Restate word for word each line from the one containing "- Tubular steel" through the end of the material, and nothing more. Drop every picture.

* [Provided material]:
+++++
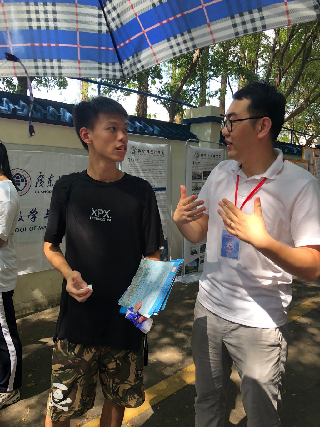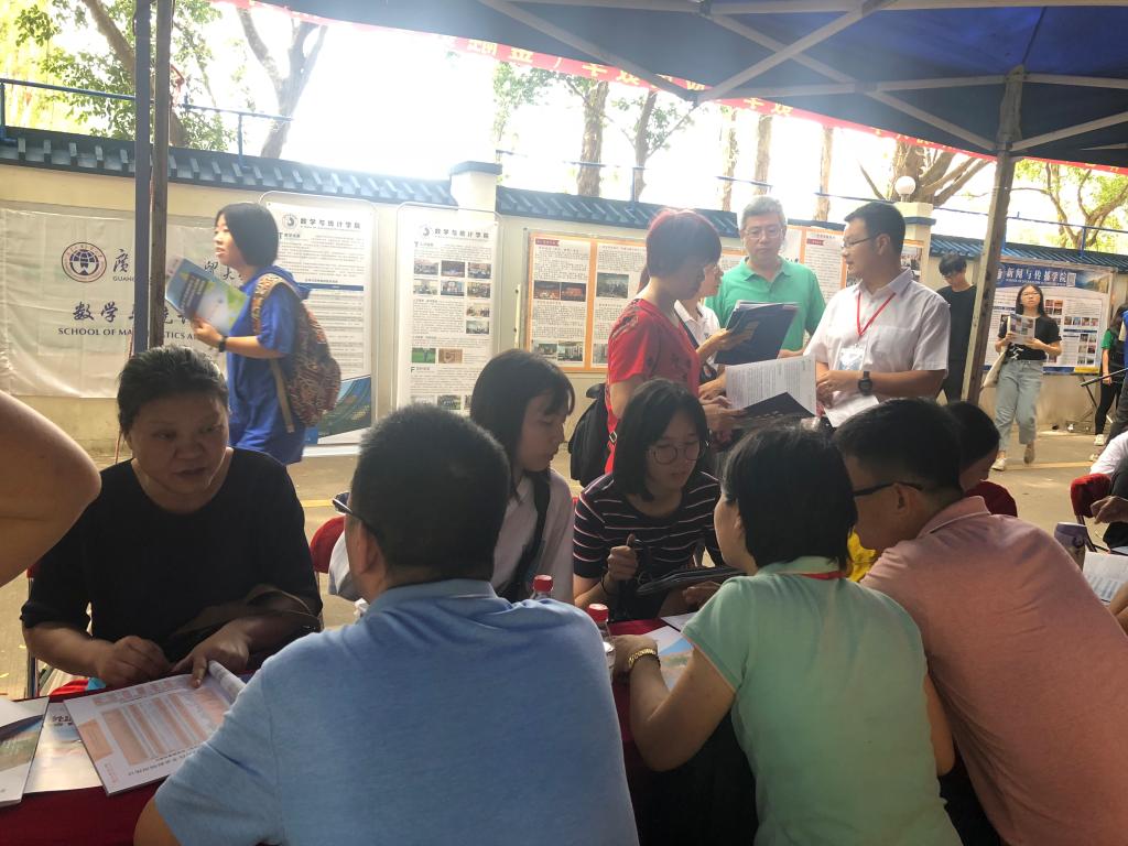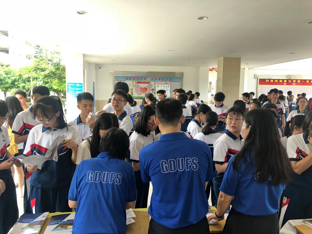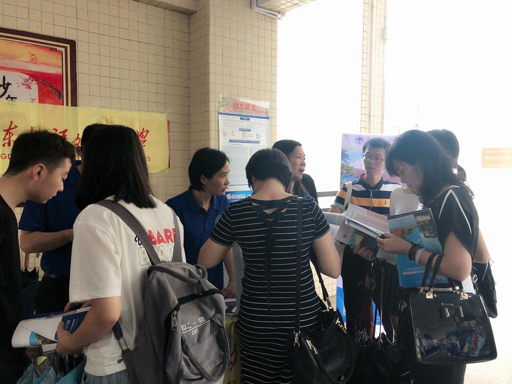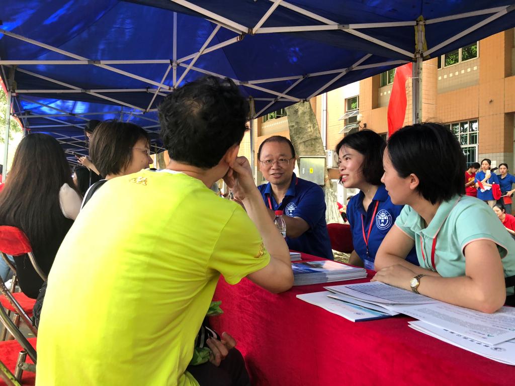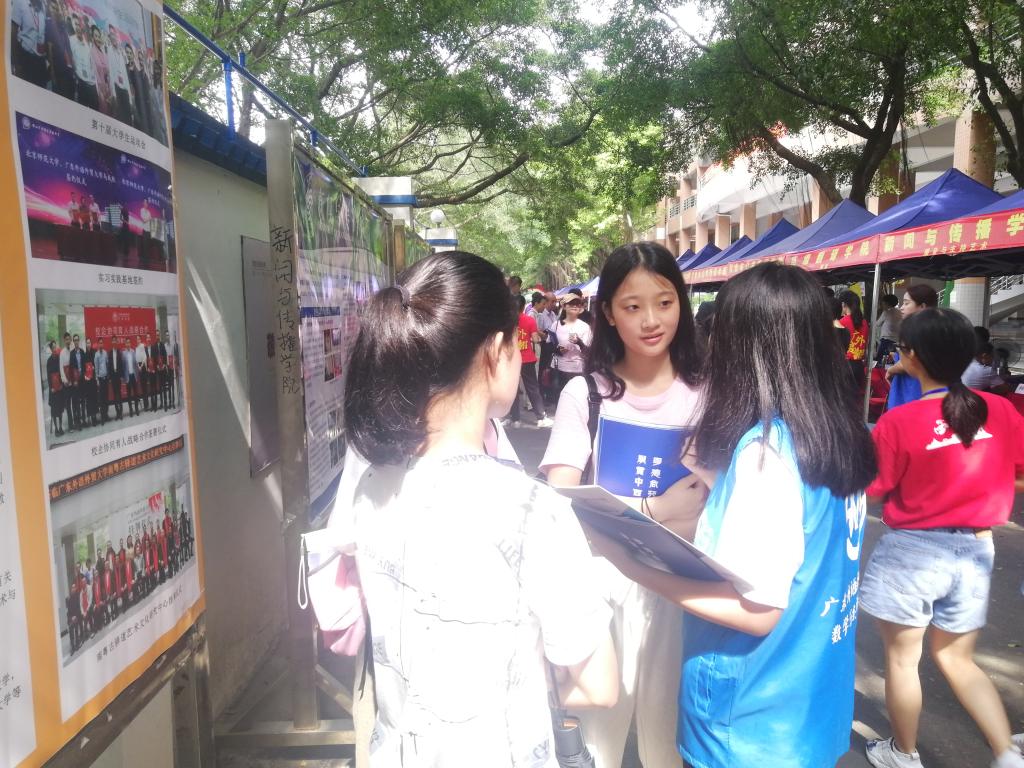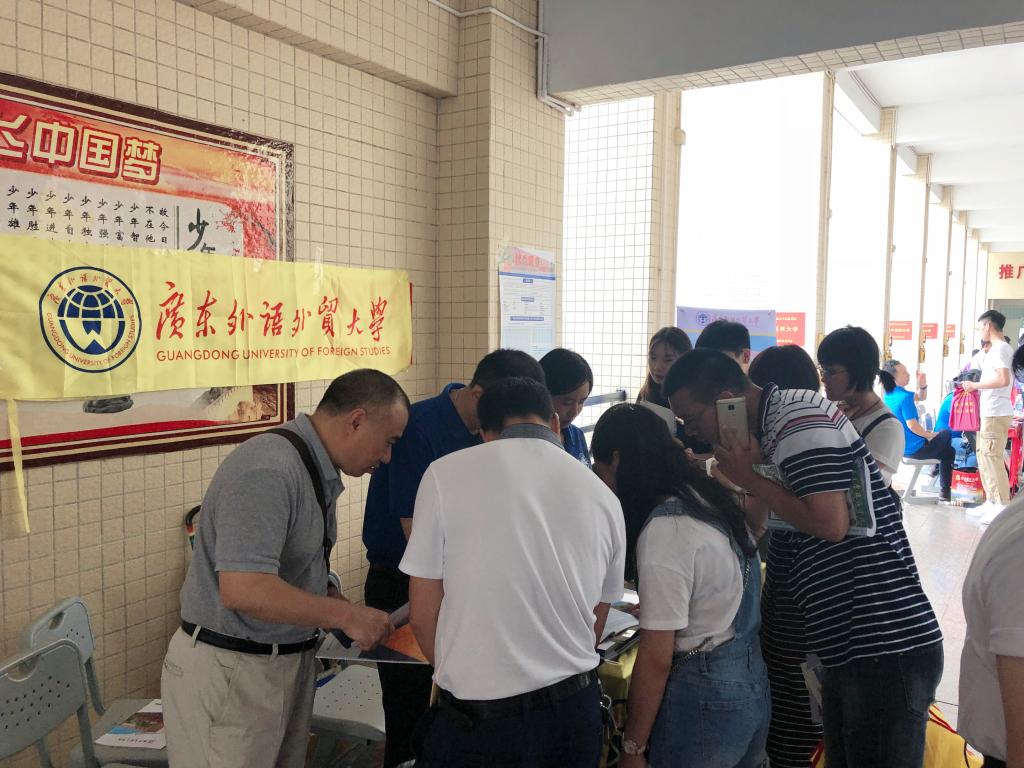 本网讯 6月22日,广东外语外贸大学第20届大学开放日在北校区举办,众多家长、考生顶着炎热的天气走近广外校园参观咨询。我院院长王军威、党总支书记苏冬燕、副院长龙会典、副院长袁媛、党总支副书记余海波、各系系主任、辅导员以及团学志愿者们分别在摊位、校道进行招生咨询。
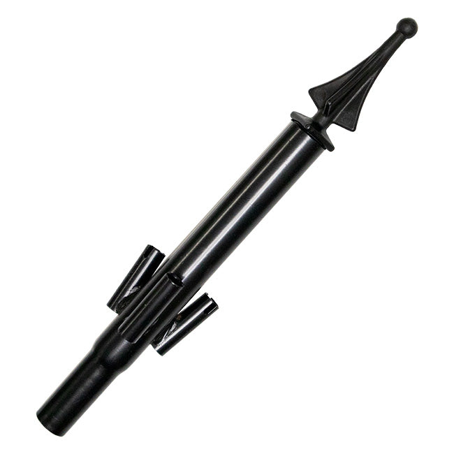- Tubular steel hub slides onto compatible pole, while a decorative plastic finial tops the piece.
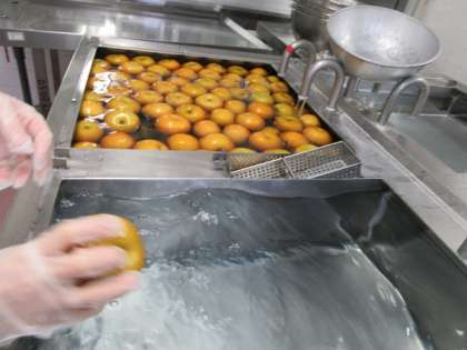 今日のくだものは旬の梨です。果物や野菜は流水でしっかり洗います。3層シンクで3回流水で汚れを取っています。
+++++
* [Exercise output]:
- Tubular steel hub slides onto compatible pole, while a decorative plastic finial tops the piece.
 今日のくだものは旬の梨です。果物や野菜は流水でしっかり洗います。3層シンクで3回流水で汚れを取っています。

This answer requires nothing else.